Le Centre de recherches conjoncturelles de l’EPFZ calcule divers indicateurs relatifs à la conjoncture suisse. Les enquêtes menées auprès des entreprises jouent un rôle central.
Le KOF interroge chaque mois des milliers d’entreprises suisses sur l’évolution de leurs affaires. Une production de couteaux de poche à Ibach (SZ). (Image: Keystone)

L’économie suisse est-elle en phase de croissance ? Ou, son apogée franchi, un ralentissement conjoncturel est-il déjà intervenu ? Le produit intérieur brut (PIB) sert souvent de référence pour évaluer la situation économique d’un pays. En Suisse, le Secrétariat d’État à l’économie (Seco) publie trimestriellement les données du PIB et l’Office fédéral de la statistique (OFS) calcule les données annuelles relatives au PIB.

L’observation trimestrielle ou plus fréquente est essentielle à l’analyse conjoncturelle pour détecter rapidement les modifications de l’évolution de la conjoncture. La fréquence des mesures de la performance économique n’est cependant pas suffisante pour assurer une analyse conjoncturelle efficace : les résultats de ces mesures doivent aussi être disponibles suffisamment tôt. Les indicateurs conjoncturels interviennent justement dans ce contexte : ils complètent par des informations rapidement disponibles les données du PIB dont la publication est différée. Le système d’indicateurs développé par le Centre de recherches conjoncturelles (KOF) de l’École polytechnique fédérale de Zurich (EPFZ) repose sur les résultats de ses enquêtes conjoncturelles.

Le KOF interroge chaque mois et chaque trimestre plus de 8000 entreprises sur l’évolution de leurs affaires. Les questions portent notamment sur les plans de production ou de personnel. Les entreprises chiffrent par exemple leur carnet de commandes et leurs stocks de produits finis. Outre les estimations de ces aspects concrets de l’activité des entreprises, des questions « subjectives » s’arrêtent sur la situation commerciale générale de l’entreprise. Les enquêtes conjoncturelles présentent une caractéristique importante : elles recherchent généralement des indications de tendance. Trois directions ou évaluations sont proposées comme réponses. Par exemple, les questions concernant l’activité de production future ou le développement de l’effectif des employés peuvent recevoir les réponses suivantes : « augmentera », « restera identique », « diminuera ». Cette méthodologie permet aux répondants de remplir rapidement le questionnaire, de sorte que les résultats de l’enquête sont disponibles dès la fin du mois concerné.

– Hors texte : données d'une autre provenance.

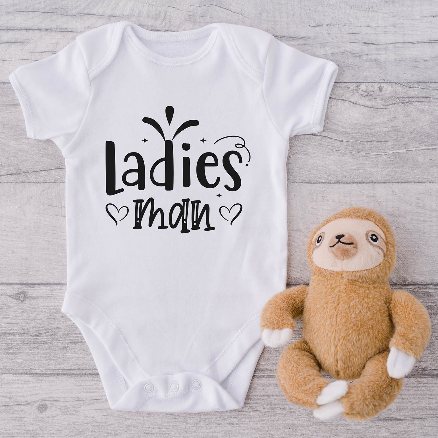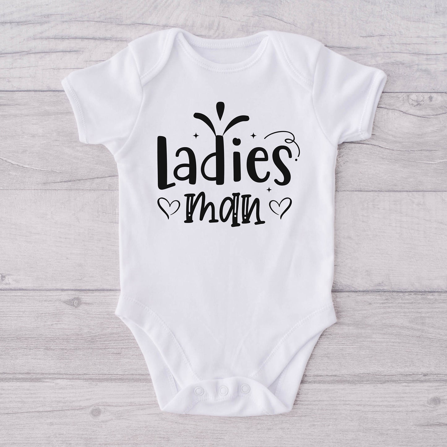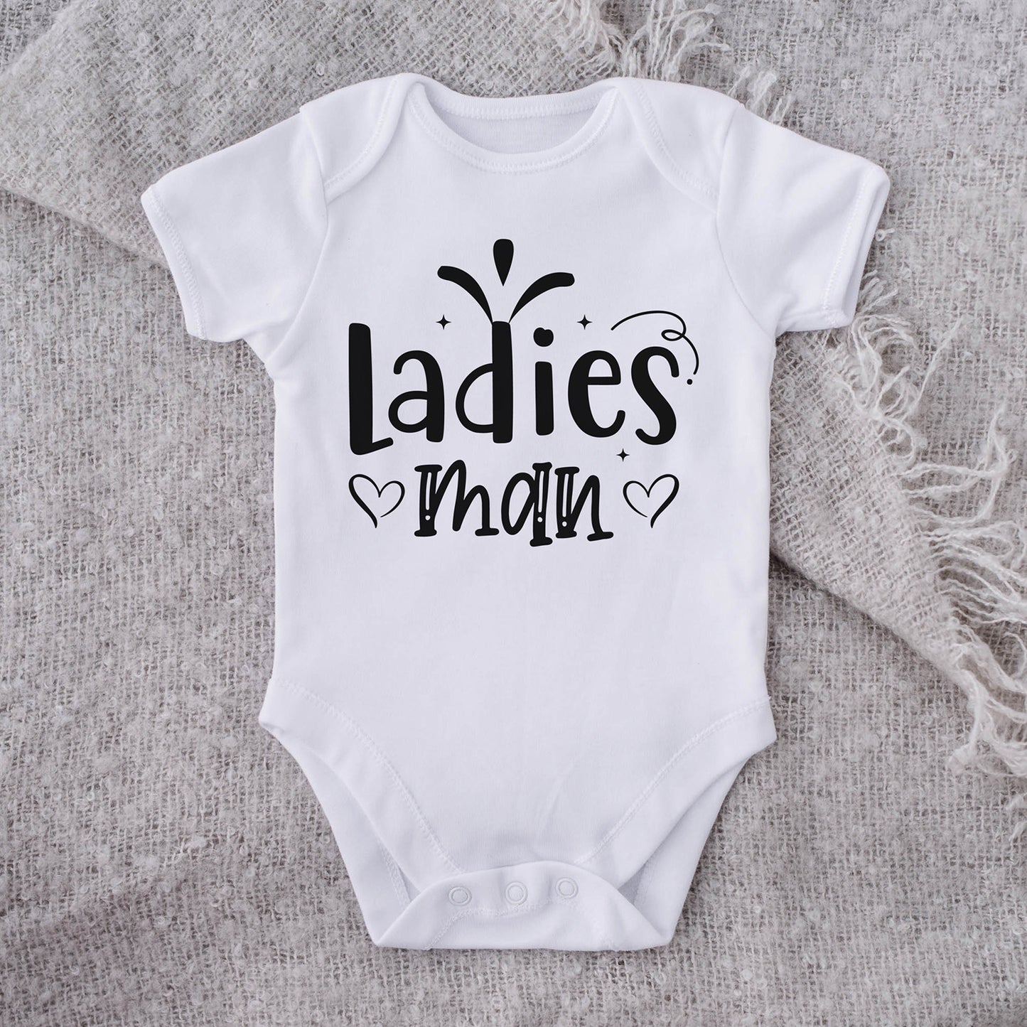 Get ready to melt hearts with our "Ladies Man" Baby Onesie graphic. Crafted with high-quality material for laser cutting, this graphic adds a touch of charm and style to your baby's wardrobe, celebrating their irresistibly adorable nature.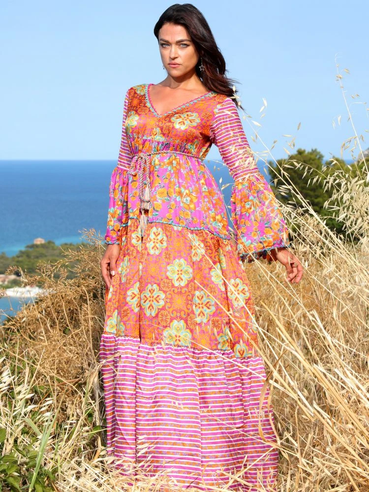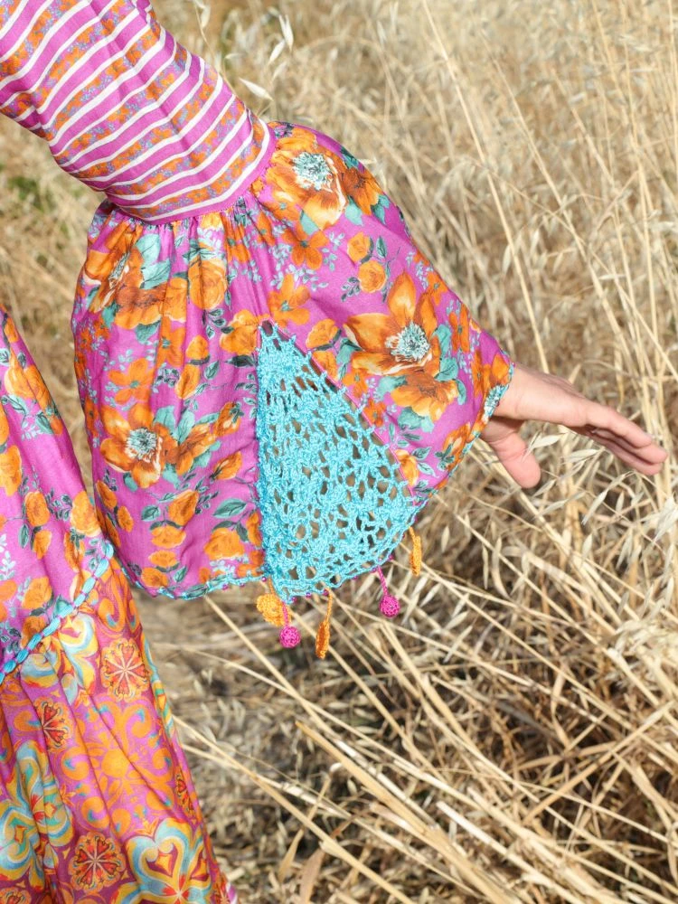 Das lange Strandkleid Narciso Lilla der italienischen Luxus-Marke Laetitia Beachwear ist aus feinem Seidenbatist (65% Baumwolle, 35 % Seide) gefertigt. Das exklusive Kleid ist in einem Mustermix mit floralen und graphischen Mustern gearbeitet und in echter Handarbeit mit Häkelsäumen verziert. Der Ausschnitt und die weiten Ärmelenden haben einen Häkelrand mit eingearbeiteten Zierperlen. Außerdem haben die Ärmelenden Einsätze aus gehäkelter Spitze in der Farbe türkis.

Perspective temporelle et complexité


Les indicateurs conjoncturels complètent les données des comptes nationaux par des informations utiles à l’estimation de la situation économique actuelle et aux prévisions à court terme. S’agissant du lien temporel avec la valeur visée des comptes nationaux, les indicateurs se répartissent en trois catégories : avancés, coïncidents et retardés. Les premiers fournissent des indications sur le développement futur (proche), les seconds informent sur la situation économique actuelle et les derniers retracent l’évolution passée (récente).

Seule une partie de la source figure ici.